Galbreath, 433 So. 2d at 457 (emphasis added) (citations omitted).

           In Galbreath, the Court discussed the reality that a corporate form was being adopted by persons who actually intended to conduct their business as a partnership. Galbreath, 433 So. 2d at 457. This results in the creation of numerous opportunities for majority shareholders in closely held corporations to “squeeze-out” or “oppress” the minority.  

           In Robinson v. Hank Roberts, Inc., 514 So. 2d 958 (Ala. 1987), the Court again affirmed the dismissal of a minority shareholder’s direct action:

The trial court found that Robinson had failed to state a claim upon which relief could be granted concerning conversion of Fleck’s [the corporation] assets because Robinson brought an action for personal recovery for conversion rather than a derivative action on behalf of the corporation as provided by Rule 23.1,A.R.Civ.P.

Robinson,514 So. 2d 958, 959 (emphasis added).

           As to a corporation’s dividend policy, the Court in Boykin v. First Alabama Bank, 384 So. 2d 10 (Ala. 1980) preferred a derivative action and held as follows:

Initially,this court has stated that it will not interfere with a corporation’s dividend policy, a management function of the directors, unless there has been fraud,abuse of discretion, or misappropriation of corporate funds, none of which was established here. Kohn v.Birmingham Realty Company, 352 So. 2d 834 (Ala. 1977). The proper way to have challenged the dividend policy was through a shareholder’s derivative suit pursuant to ARCP 23.1.

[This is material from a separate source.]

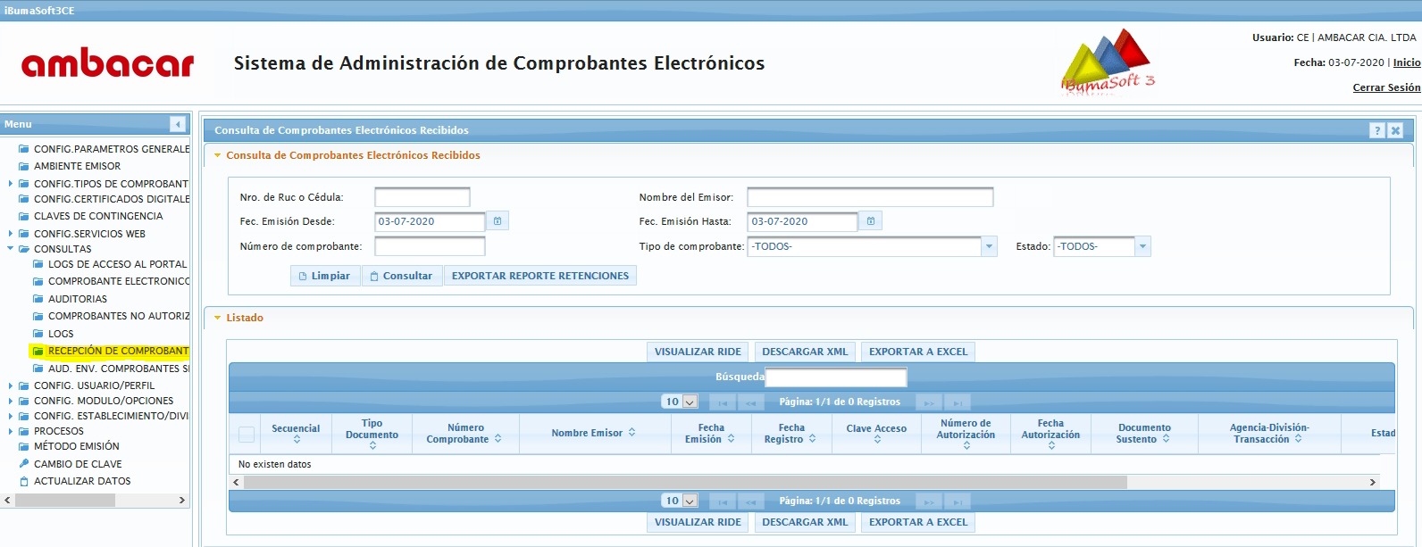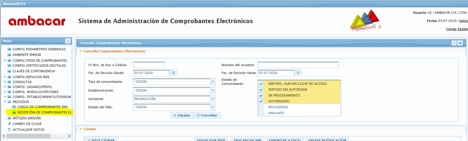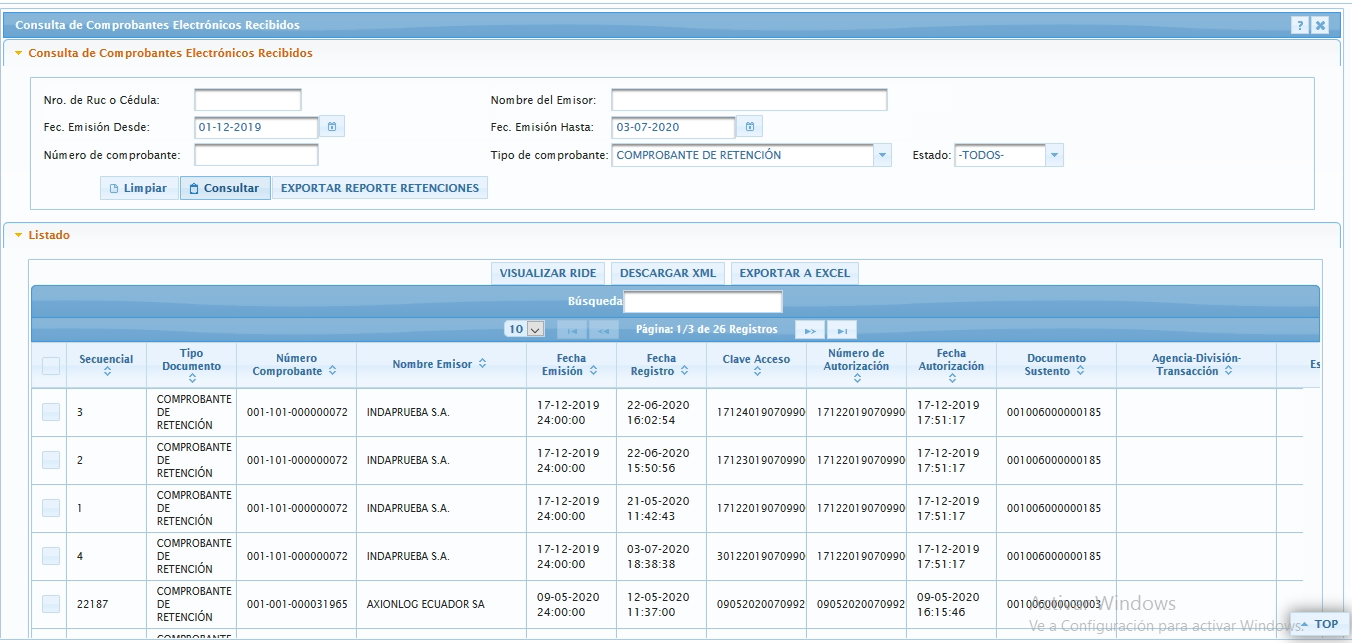 Esta pantalla permite consultar los comprobantes electrónicos que se cargaron en la recepción, permite consultar mediante la fecha de emisión del documento cargado, o número de comprobante, una vez seleccionado los filtros de búsqueda se debe dar clic al botón consultar.

Boykin,384 So. 2d at 12.      

           Significantly,in 1989, the Court held in McDonald v. U.S. Die Casting, 541 So. 2d 1064 (Ala. 1989), as follows:

Ordinarily,a stockholder may not bring an action in his own name for an alleged fraudulent transfer of corporate property to another stockholder; such a suit must be by or in behalf of the corporation. Green v. Bradley Const., Inc.,431 So. 2d 1226, 1229 (Ala. 1983); quoting 19 Am.Jur.2d Corporations §534 (1979). However, if the stockholder alleges that wrongs have been committed by the corporation as a direct fraud upon him, and that such wrongs do not affect other stockholders, that one stockholder may maintain a direct action in his individual name. Green v. Bradley Const., Inc.,supra, at 1229.

McDonald v. U.S. Die Casting, 541 So. 2d at 1068-69 (emphasis added).

           Then,in 1990 in Ex parte Brown, 562 So. 2d 485 (Ala. 1990), the Alabama Supreme Court for the first time recognized a minority shareholder’s right to bring a direct claim against individual offices, directors, or shareholders for violating their fiduciary duty owed to minority shareholders.